The material below holds pictures, which are to be left out; copy exactly the lines from the one with "我在1515上用UPD通讯方" through the one with "Náušnice Diamant Stříbrné".
━━ Material shown ━━
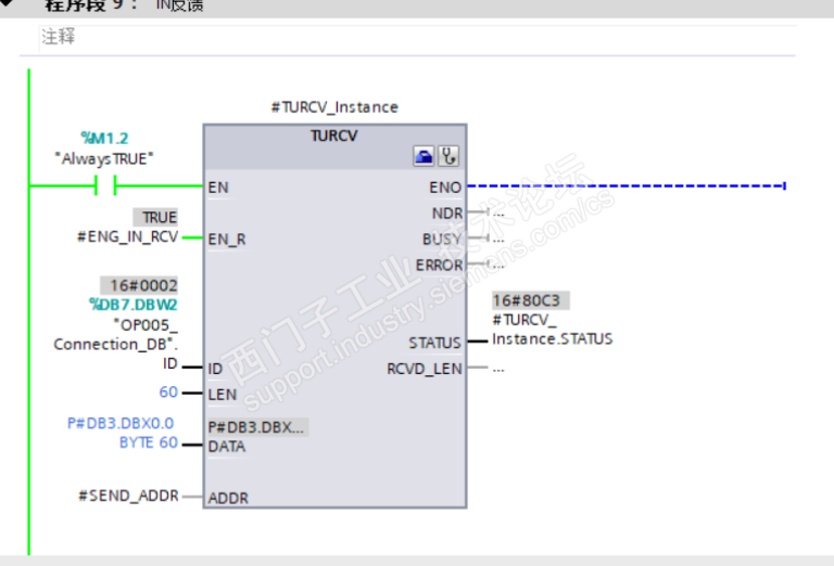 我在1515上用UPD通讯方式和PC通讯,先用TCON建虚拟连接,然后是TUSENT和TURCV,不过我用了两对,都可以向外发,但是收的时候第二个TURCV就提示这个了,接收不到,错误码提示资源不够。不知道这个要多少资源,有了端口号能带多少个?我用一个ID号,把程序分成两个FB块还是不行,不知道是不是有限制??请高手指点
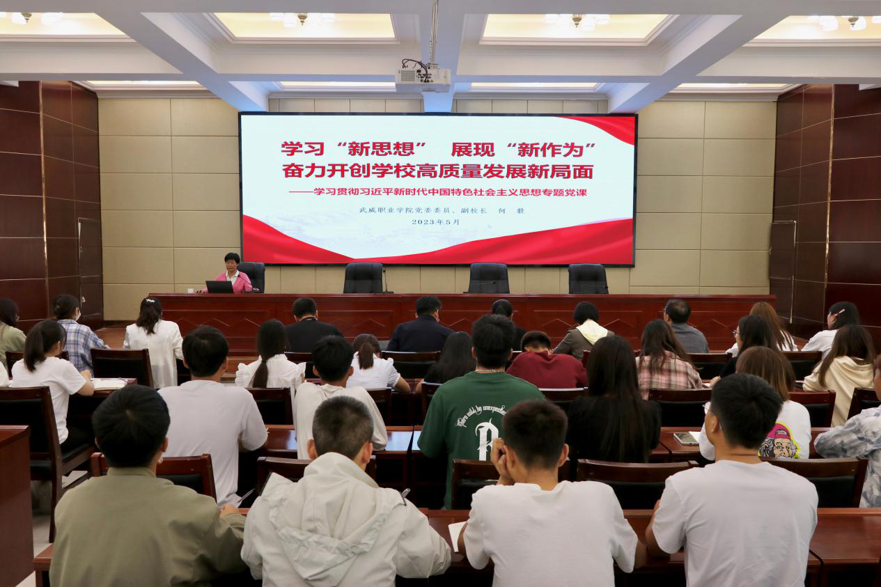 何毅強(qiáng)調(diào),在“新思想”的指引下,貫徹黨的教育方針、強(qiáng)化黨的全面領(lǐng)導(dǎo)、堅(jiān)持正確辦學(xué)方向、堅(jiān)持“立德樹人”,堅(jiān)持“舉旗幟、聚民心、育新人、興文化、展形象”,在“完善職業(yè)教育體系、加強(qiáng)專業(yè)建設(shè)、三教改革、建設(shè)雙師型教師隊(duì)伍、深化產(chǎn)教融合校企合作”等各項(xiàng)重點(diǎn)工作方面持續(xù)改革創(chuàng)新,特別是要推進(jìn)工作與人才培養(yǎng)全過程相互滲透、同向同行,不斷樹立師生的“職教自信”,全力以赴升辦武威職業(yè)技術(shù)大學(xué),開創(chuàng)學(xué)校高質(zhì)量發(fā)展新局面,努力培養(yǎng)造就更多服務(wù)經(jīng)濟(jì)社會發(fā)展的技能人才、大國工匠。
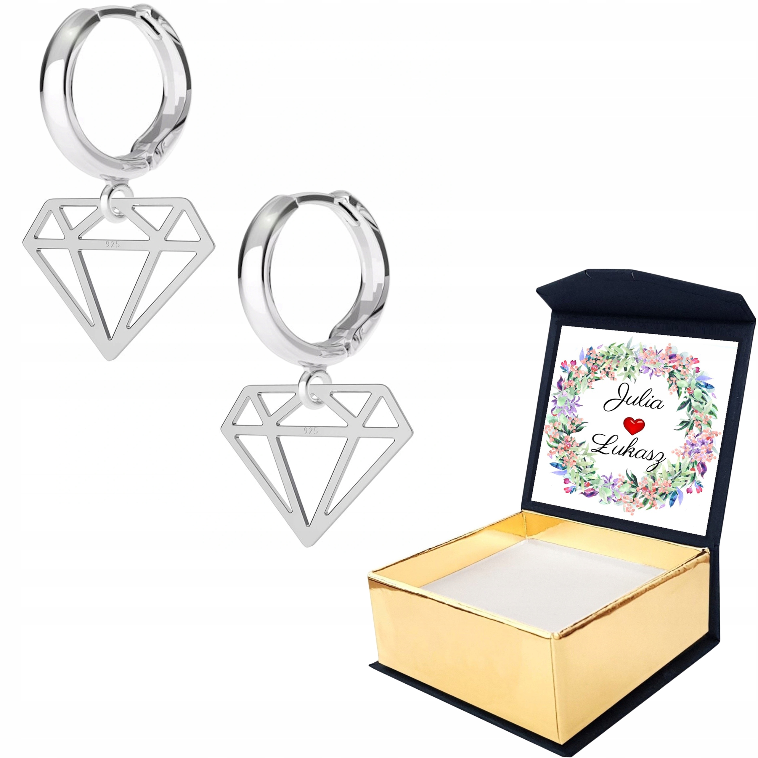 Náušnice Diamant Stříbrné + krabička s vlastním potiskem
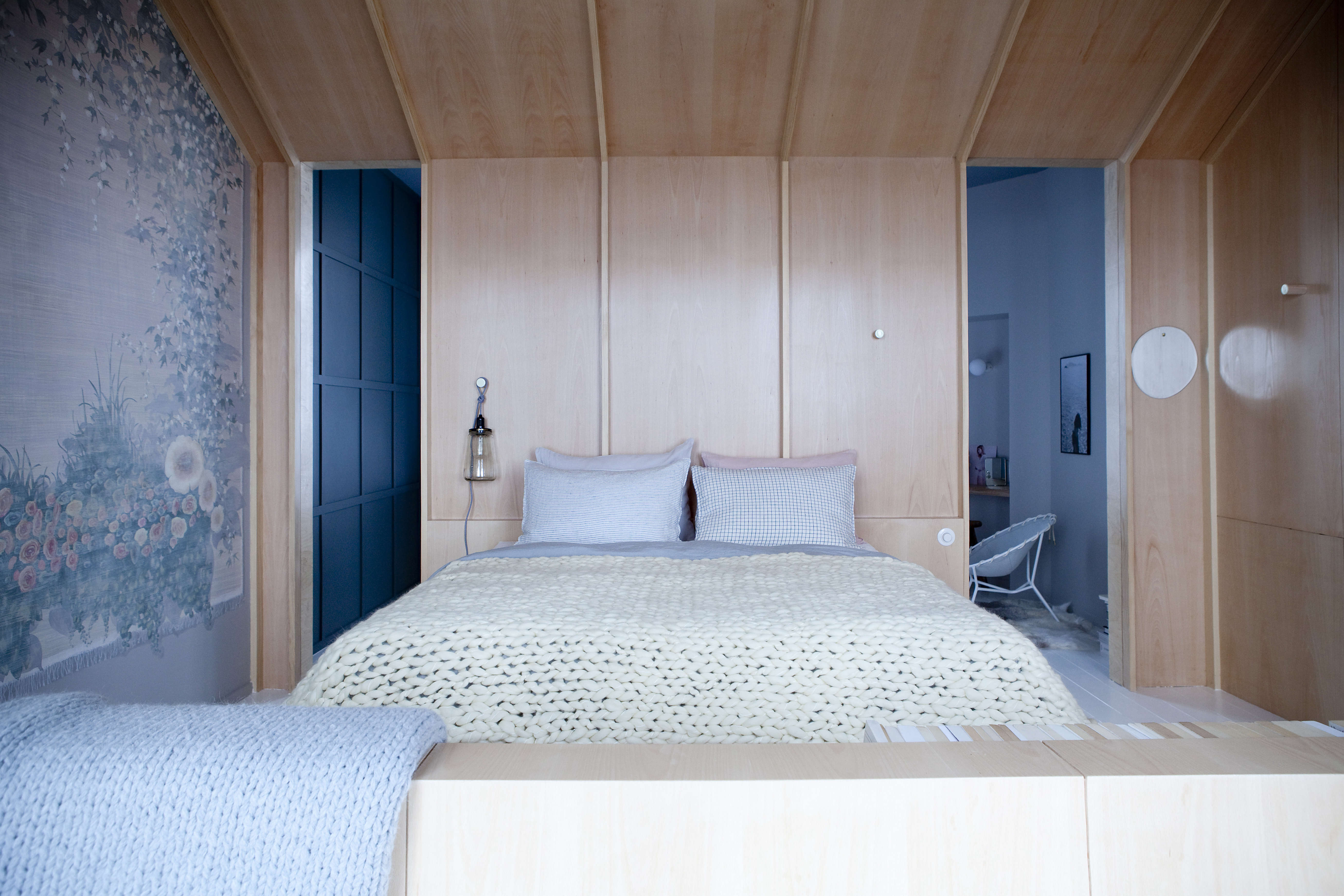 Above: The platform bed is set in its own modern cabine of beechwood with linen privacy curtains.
━━━
━━ Material shown ━━
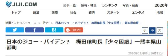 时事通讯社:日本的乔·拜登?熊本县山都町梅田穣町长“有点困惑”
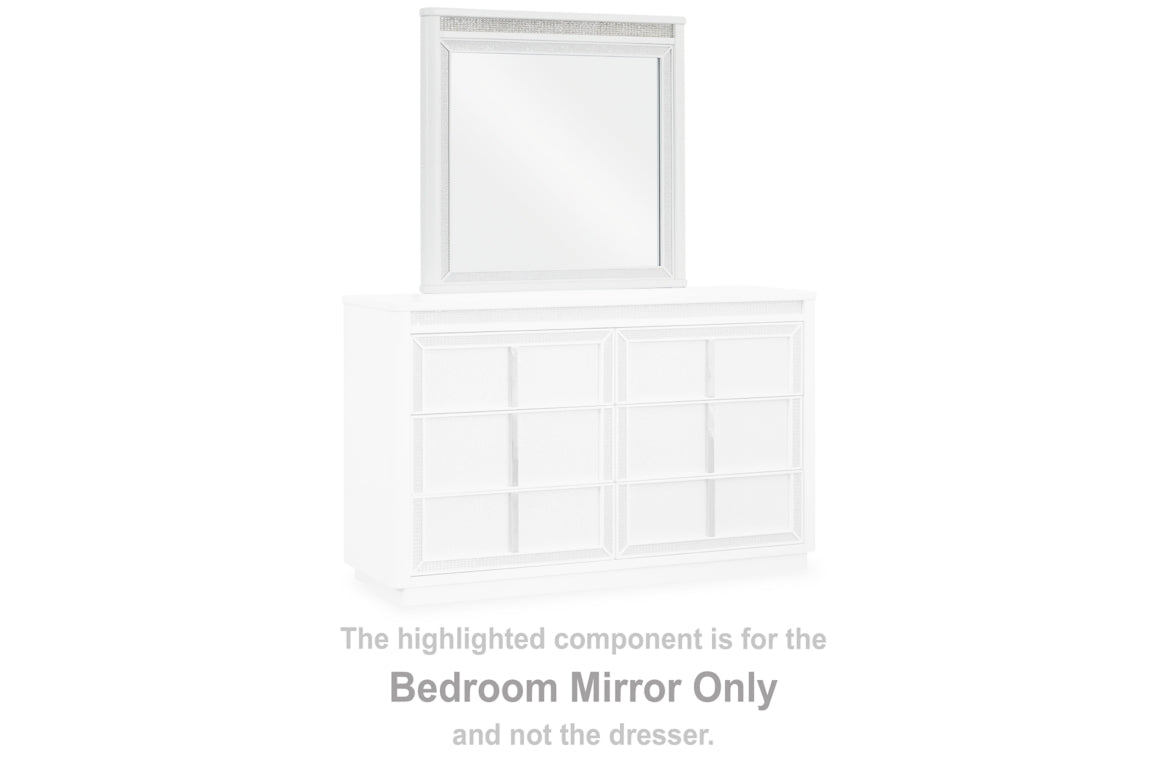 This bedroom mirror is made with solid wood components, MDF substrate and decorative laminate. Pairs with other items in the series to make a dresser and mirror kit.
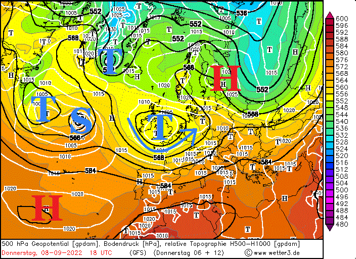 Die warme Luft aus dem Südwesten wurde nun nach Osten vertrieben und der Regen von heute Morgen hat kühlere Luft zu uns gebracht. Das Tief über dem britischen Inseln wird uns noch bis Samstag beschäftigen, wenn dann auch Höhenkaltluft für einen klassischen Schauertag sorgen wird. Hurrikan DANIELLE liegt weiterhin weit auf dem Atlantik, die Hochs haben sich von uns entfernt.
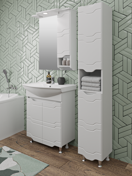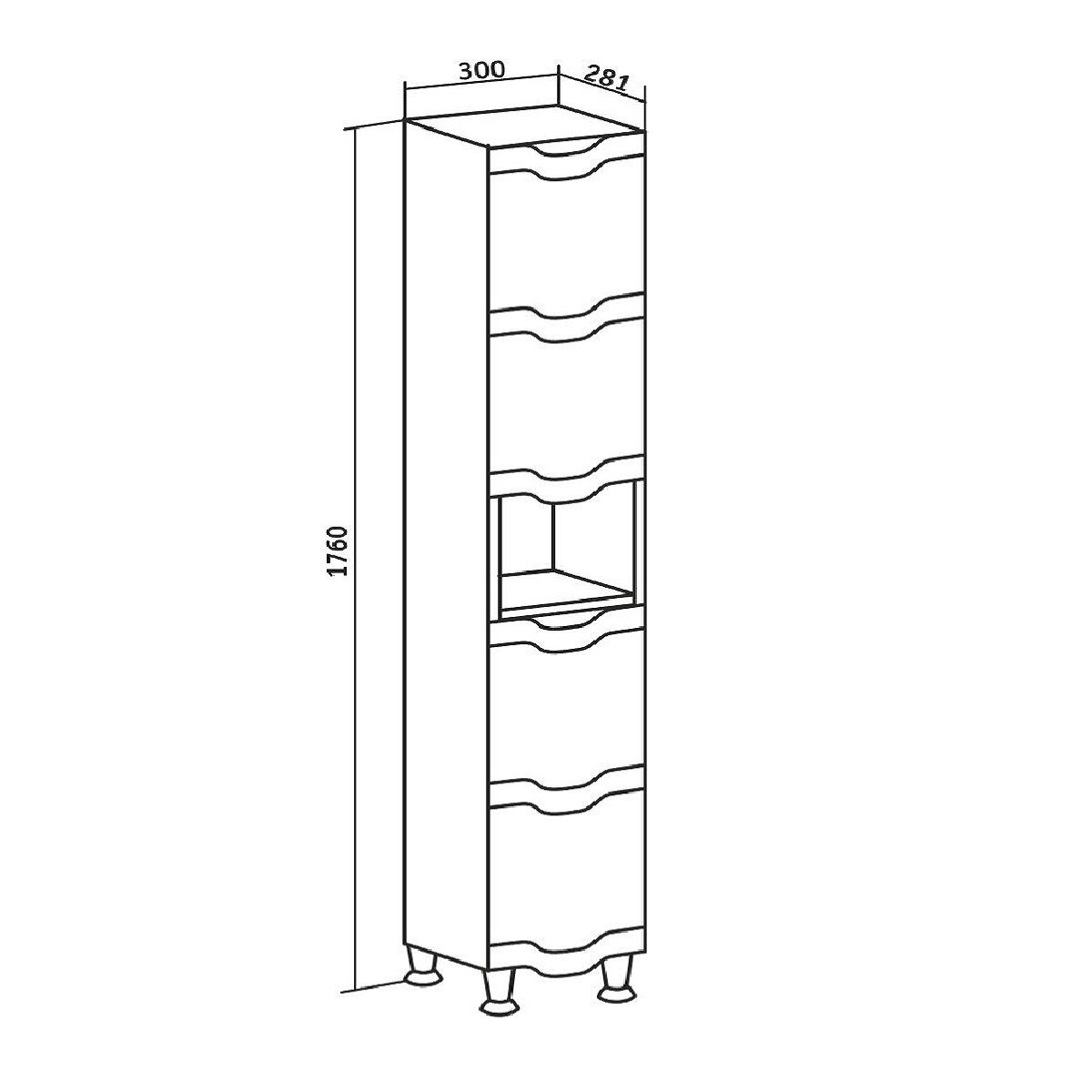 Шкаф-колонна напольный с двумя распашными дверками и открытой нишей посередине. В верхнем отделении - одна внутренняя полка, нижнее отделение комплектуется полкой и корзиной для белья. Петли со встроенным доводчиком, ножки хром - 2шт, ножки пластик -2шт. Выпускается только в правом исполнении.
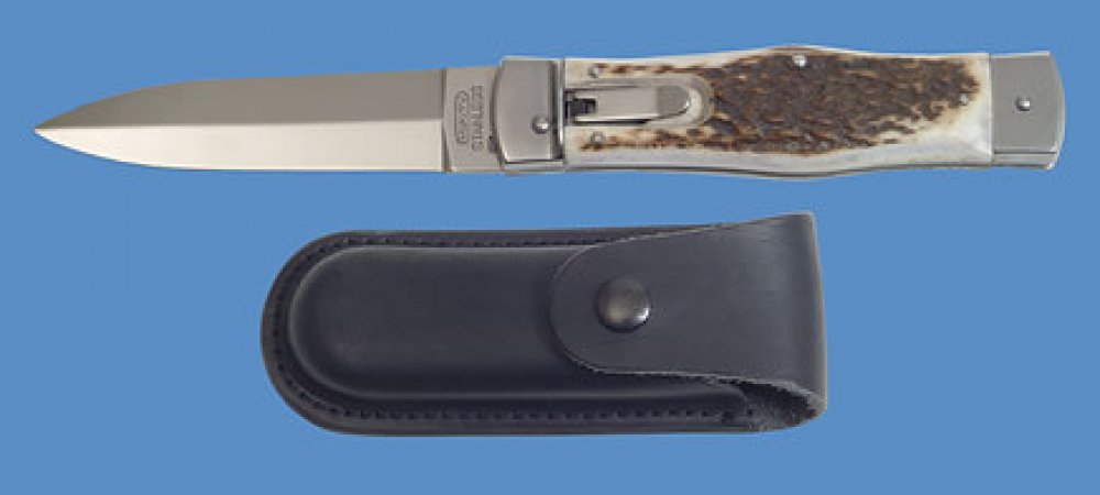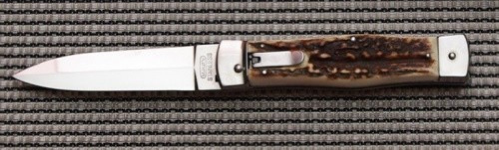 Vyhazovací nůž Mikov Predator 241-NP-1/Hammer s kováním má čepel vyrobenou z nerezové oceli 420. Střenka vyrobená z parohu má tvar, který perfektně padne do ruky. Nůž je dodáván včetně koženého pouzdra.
━━━
Result:
 我在1515上用UPD通讯方式和PC通讯,先用TCON建虚拟连接,然后是TUSENT和TURCV,不过我用了两对,都可以向外发,但是收的时候第二个TURCV就提示这个了,接收不到,错误码提示资源不够。不知道这个要多少资源,有了端口号能带多少个?我用一个ID号,把程序分成两个FB块还是不行,不知道是不是有限制??请高手指点
 何毅強(qiáng)調(diào),在“新思想”的指引下,貫徹黨的教育方針、強(qiáng)化黨的全面領(lǐng)導(dǎo)、堅(jiān)持正確辦學(xué)方向、堅(jiān)持“立德樹人”,堅(jiān)持“舉旗幟、聚民心、育新人、興文化、展形象”,在“完善職業(yè)教育體系、加強(qiáng)專業(yè)建設(shè)、三教改革、建設(shè)雙師型教師隊(duì)伍、深化產(chǎn)教融合校企合作”等各項(xiàng)重點(diǎn)工作方面持續(xù)改革創(chuàng)新,特別是要推進(jìn)工作與人才培養(yǎng)全過程相互滲透、同向同行,不斷樹立師生的“職教自信”,全力以赴升辦武威職業(yè)技術(shù)大學(xué),開創(chuàng)學(xué)校高質(zhì)量發(fā)展新局面,努力培養(yǎng)造就更多服務(wù)經(jīng)濟(jì)社會發(fā)展的技能人才、大國工匠。
 Náušnice Diamant Stříbrné + krabička s vlastním potiskem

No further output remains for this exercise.